_Exercise objective:_
The lines below, from the one containing "Captured mid-hover, a" through the one containing "The order by", should be set down exactly, with no pictures and nothing else.

Data excerpts section start

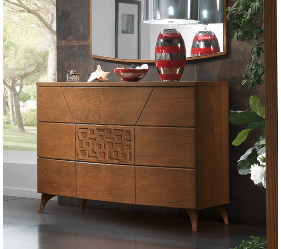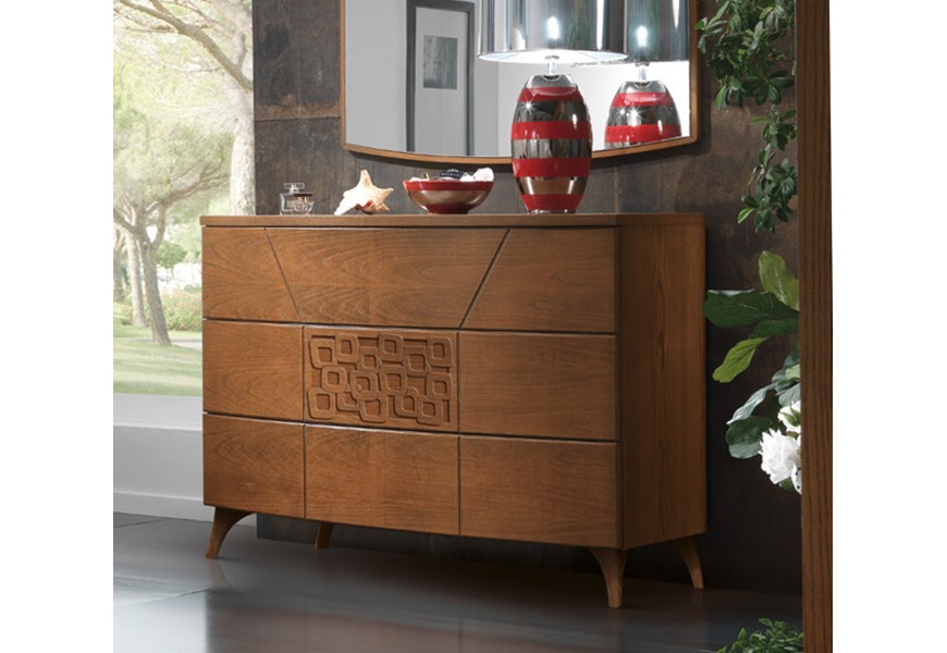 Originálny a masívny dizajn komody Varietty garantuje okrem najvyššej kvality aj nadčasového pomocníka do vašej spálne. Komoda z masívu v modernom talianskom prevedení stojí na štyroch mierne šikmých nožičkách, ktoré zabezpečujú dokonalú stabilitu a pevnosť konštrukcie. Farebnosť vyhotovenia sa nesie v teplých hnedých prírodných tónoch, pričom jemne preniká prirodzená kresba dreva. Komoda disponuje štedrým úložným priestorom v podobe troch samostatných nad sebou uložených zásuviek bez úchytov. Komoda Varietty z talianskej kolekcie nábytku vás osloví okrem kvality a nadčasovosti aj krásnym prepracovaným minimalistickým dizajnom s ručným vyrezávaním na čele strednej zásuvky, ktoré tvorí súbor štvorcov s oblými okrajmi vystupujúcich reliéfovito. Moderná komoda s retro nádychom sa bude výborne hodiť k manželskej posteli Varietty s rovnakým vyrezávaným reliéfom na čele, a tiež k nočnému stolíku Varietty. Širokú komodu Varietty je vhodné doladiť k svetlej hnedej podlahe, ľanovým závesom v slonovinovej farbe či k posteľnej bielizni v terakotovej farbe.
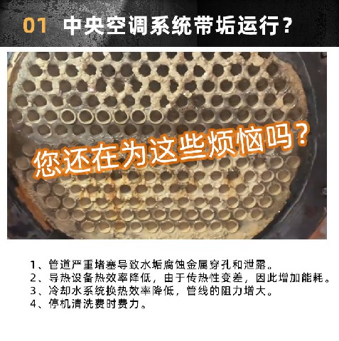 2.冷却水系统每吨加清洗药剂5-8kg,冷冻水系统每吨加清洗药剂3-4kg,分别分两次加入。第一次加入计划药量的一半,运行15天后,排放一半污水。再补足清水,加入剩余的一半药剂,再运行10-20天后,用清水置换清洗废液至清澈。
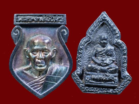เหรียญหลวงพ่อปลั่ง วัดหนามแดง หลัง หลวงพ่อเงิน วั ดดอนยายหอม นครปฐม สวยเดิม2เหรียญ |
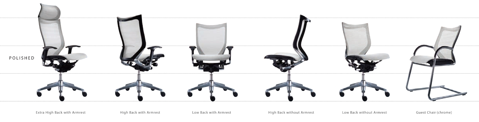 You can select frame and seat combinations and choose the color variation that best fit your worksplace needs and individual taste. You can select a high back or a low back as well as an extra high back variation with attached headrest. You can choose a chair with or without armrest. Guest chairs and high position chair are also available.
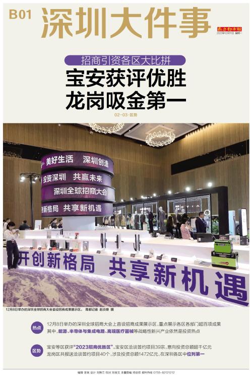 热点 12月8日举办的深圳全球招商大会上首设招商成果展示区,重点展示各区各部门超百项成果 其中,能源、半导体与集成电路、高端医疗器械等战略性新兴产业依然是投资热点 区势 宝安等区获评“20
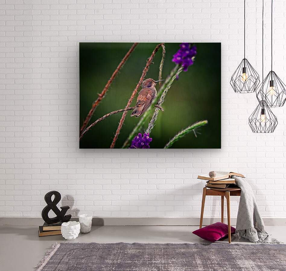 Captured mid-hover, a hummingbird leans into a red bloom, wings suspended in a translucent blur. Light spills through its feathers, turning the scene ...[+]
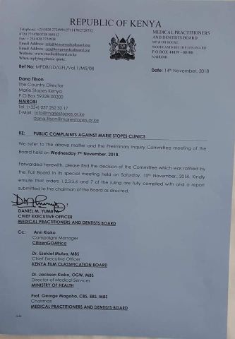 The order by the Kenya Medical Practitioners and Dentists Board (KMPDB) comes after a public outcry against the clinics’ advertisements that have been deemed to promote abortion.
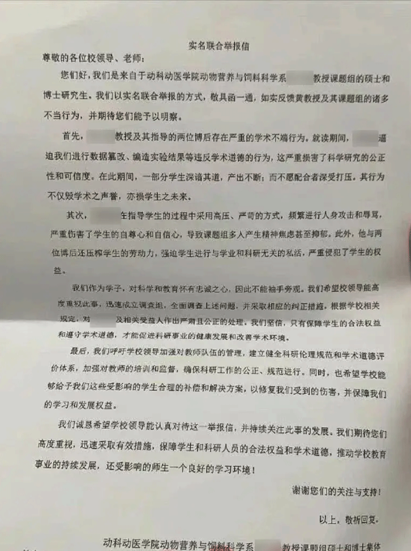 Ngày 16/1/2024, 11 sinh viên Trường Đại học Nông nghiệp Hoa Trung đã cùng nhau tố cáo rằng GS Hoàng thuộc Khoa Dinh dưỡng Động vật của trường đã có hành vi gian lận trong học thuật. Một số bài báo khoa học của ông bị cáo buộc giả mạo dữ liệu thực nghiệm, làm sai lệch các bức ảnh thực nghiệm và đạo văn.

Data excerpts section end

_Written reply:_
 Captured mid-hover, a hummingbird leans into a red bloom, wings suspended in a translucent blur. Light spills through its feathers, turning the scene ...[+]
 The order by the Kenya Medical Practitioners and Dentists Board (KMPDB) comes after a public outcry against the clinics’ advertisements that have been deemed to promote abortion.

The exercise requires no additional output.